Dans ce contexte de liquidation des structures et de plan social, je découvre les lieux pour la première et dernière fois, alors que toutes les activités politiques qui s’y déroulaient jusqu’à présent viennent de s’arrêter et que les bureaux sont entrain d’être vidés.

Mon autorisation n’est valable que pour 4 heures durant lesquelles je peux circuler librement dans cette sorte de décor de théâtre dont les acteurs viendraient de se retirer de la scène.
J’ai pris le parti de me concentrer moins sur la singularité manifeste du lieu, (accès sécurisé, salles de conférences) et plus sur son occupation. C’est à dire, à la manière d’un archéologue, de fouiller dans le visible de cette désertion. Par là même, de regarder comment ces personnes parties avait pu résister à la pesanteur du lieu, comment elles étaient parvenues, malgré tout le contexte calfeutré et ultra-sécurisé de cet espace lié à la défense, à apporter avec elles, sur leur lieu de travail, une forme de banalité, de poussière. Entre l’aspect exceptionnel du lieu et finalement sa grande banalité, cette tension a suscité mon intérêt dans ce qu’il laissait à voir une fois destitué de ses fonctions. Je n’ai plus touché ensuite à ces images, au point de les oublier.

Juin 2016

Le 23 juin 2016, les britanniques décident de sortir de l’Union Européenne, le Brexit est voté. Je décide de retourner alors dans mes archives, puisque ce référendum vient d’en modifier la valeur documentaire. Je remarque avoir pris un certain nombre de photographies d’angles. Ce sont principalement ces images que je décide de sélectionner car elles s'opposent à une certaine objectivité photographique, théorisée notamment par le couple Bernd et Hilla Becher qui systématiquement adoptaient un point de vue frontal.
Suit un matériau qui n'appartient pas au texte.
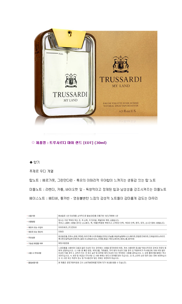 My Land Trussardi EDT (30ml) Homme men's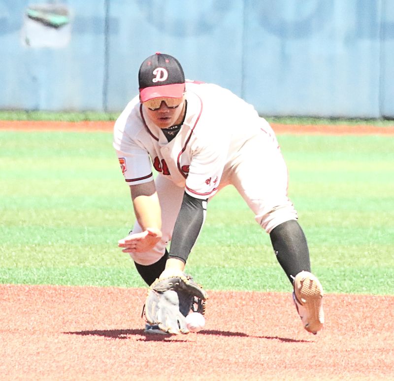 덕수고 3학년 엄준상이 청룡기에서 수비를 하고 있다.사진=전상일 기자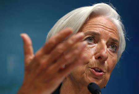 圖為國際貨幣基金組織總裁拉加德當日在美國華盛頓舉行的新聞發(fā)布會上講話。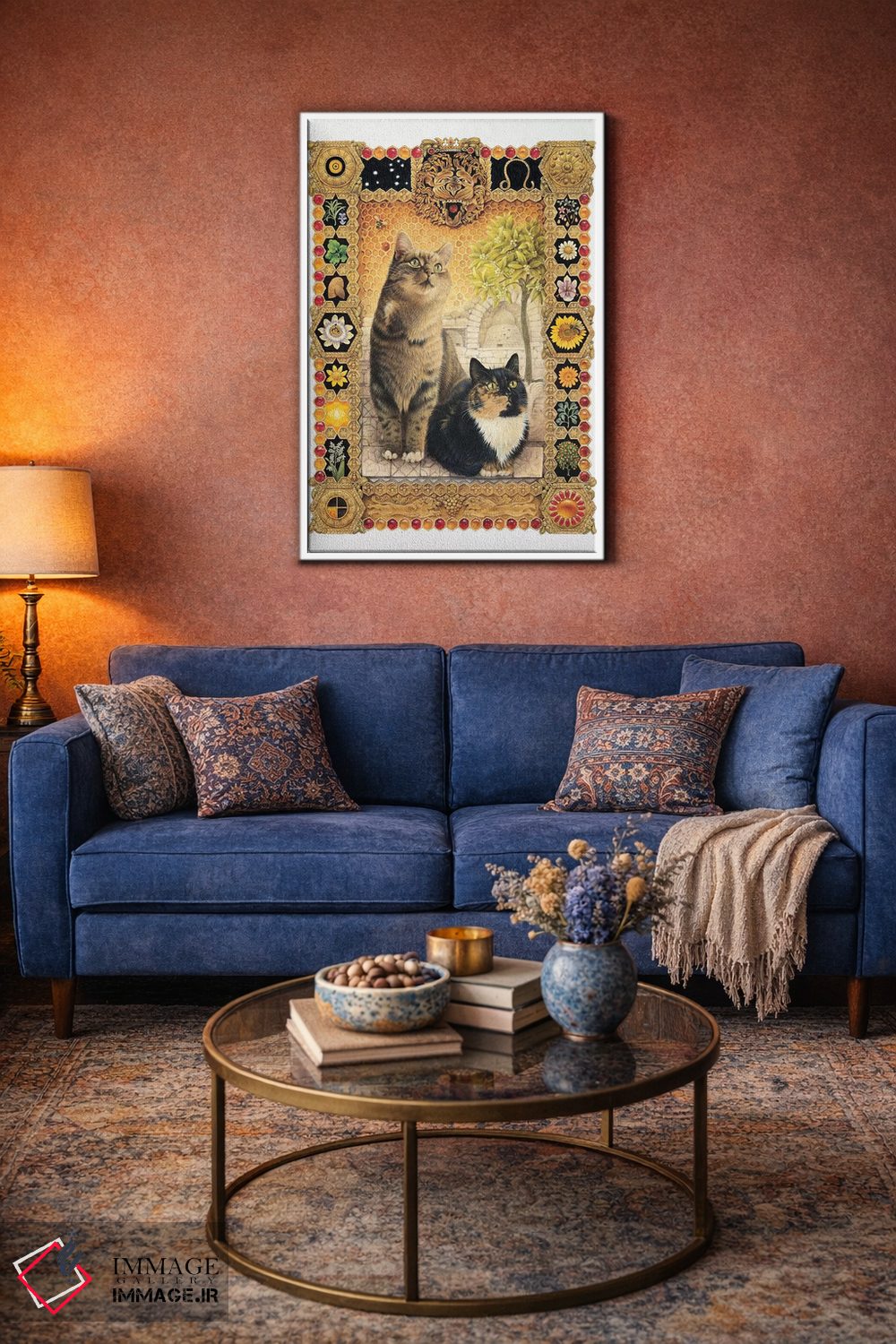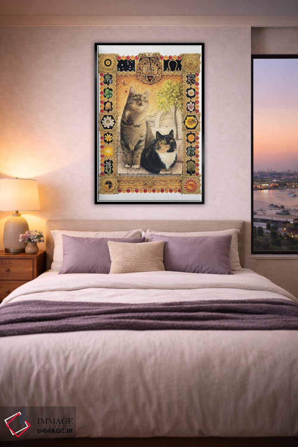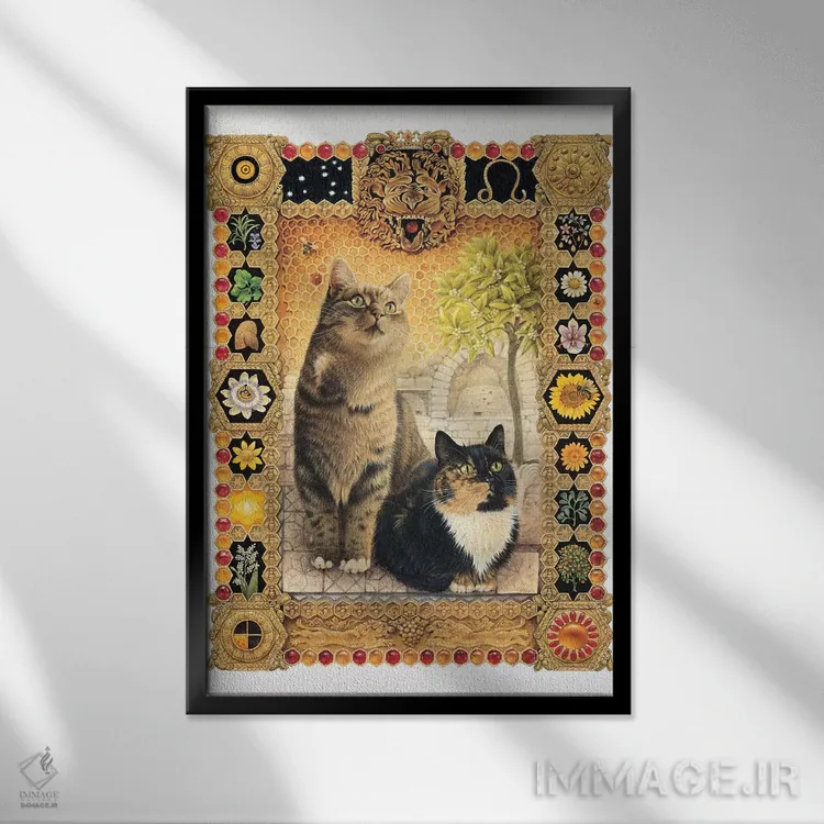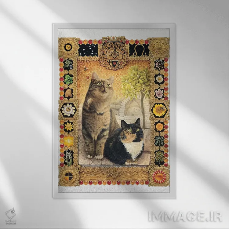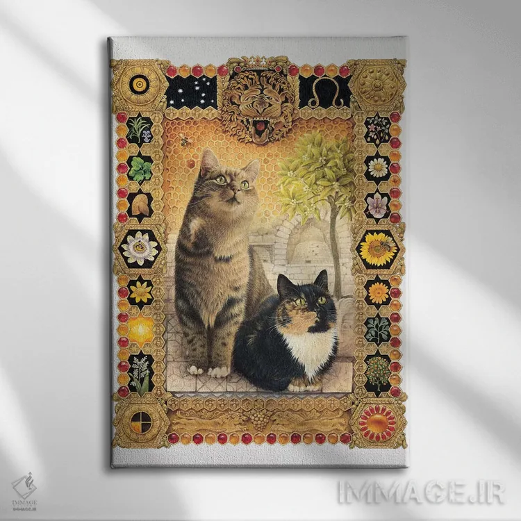 «برج اسد (شیر)» اثرِ «آیوری کتس (برند هنری نقاشی گربه)» با سبکِ دکوراتیو، به فضا ریتم میدهد و آن را از یکنواختی بیرون میآورد.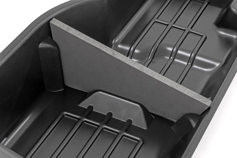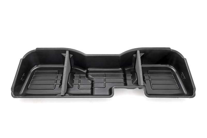 Clean up the contents of your cab with Rough CountryΓÇÖs Custom-Fit Under Seat Storage Compartment. These handy underseat truck storage compartments offer an easy way to store your gear with a custom, contoured look that blends in seamlessly with your vehicleΓÇÖs factory design. Keep your tools, gear, and other odds and ends organized and stowed away while conveniently stowed away under the rear seats.\ Each under-seat storage tray is constructed from a durable, high-density thermoplastic material thatΓÇÖs built to withstand kicks, nicks, and corrosion. A convenient anti-skid surface helps prevent the contents of your underseat cargo tray from rolling around while driving. Best of all, Rough CountryΓÇÖs Custom-Fit Under Seat Storage Compartments are easy to install, so you can upgrade your cargo management quickly and easily!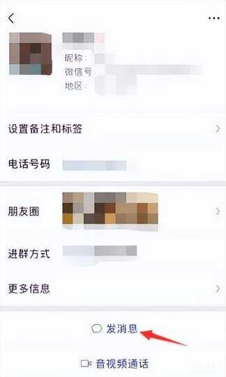 1. 打开手机中的【微信】App,先找到相关好友,接着根据下图箭头所指,点击【发消息】选项。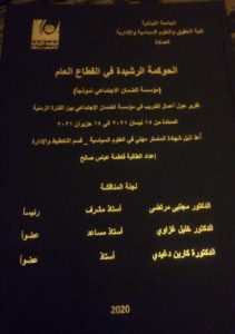 كذلك عرضت الطالبة صالح لأهمية العنوان الذي اختارته في بحثها العلمي بكافة أبعاده ووجوهه الايجابية ومردوداته على مستوى الدولة والادارة والاصلاح المنشود.

Quelle est alors la frontalité d'un angle puisque comme plis il réunit deux pans qui ont chacun par définition une frontalité propre? À l'instar du lieu qui avait perdu sa fonction et basculait vers une architecture sans usage, je souhaitais me tenir à la limite d'un point de vue photographique et documentaire, aux frontières d'une théorie et d'une esthétique que j'avais pourtant admirées

« Ou bien on saisit, et nous sommes dans le monde du visible, dont une description est possible (…) ou bien on ne saisit pas, et nous sommes dans la région de l’invisible, dont une métaphysique est possible. (…) Il y a pourtant une alternative à cette incomplète sémiologie. Elle se fonde sur l’hypothèse générale que les images ne doivent pas leur efficacité à la seule transmission de savoirs – visibles, lisibles ou invisibles -, mais qu’au contraire leur efficacité joue constamment dans l’entrelacs, voir l’imbroglio de savoirs transmis et disloqués, de non-savoirs produits et transformés »

Georges Didi Huberman. Devant l’image. Éditions de Minuit, 1990.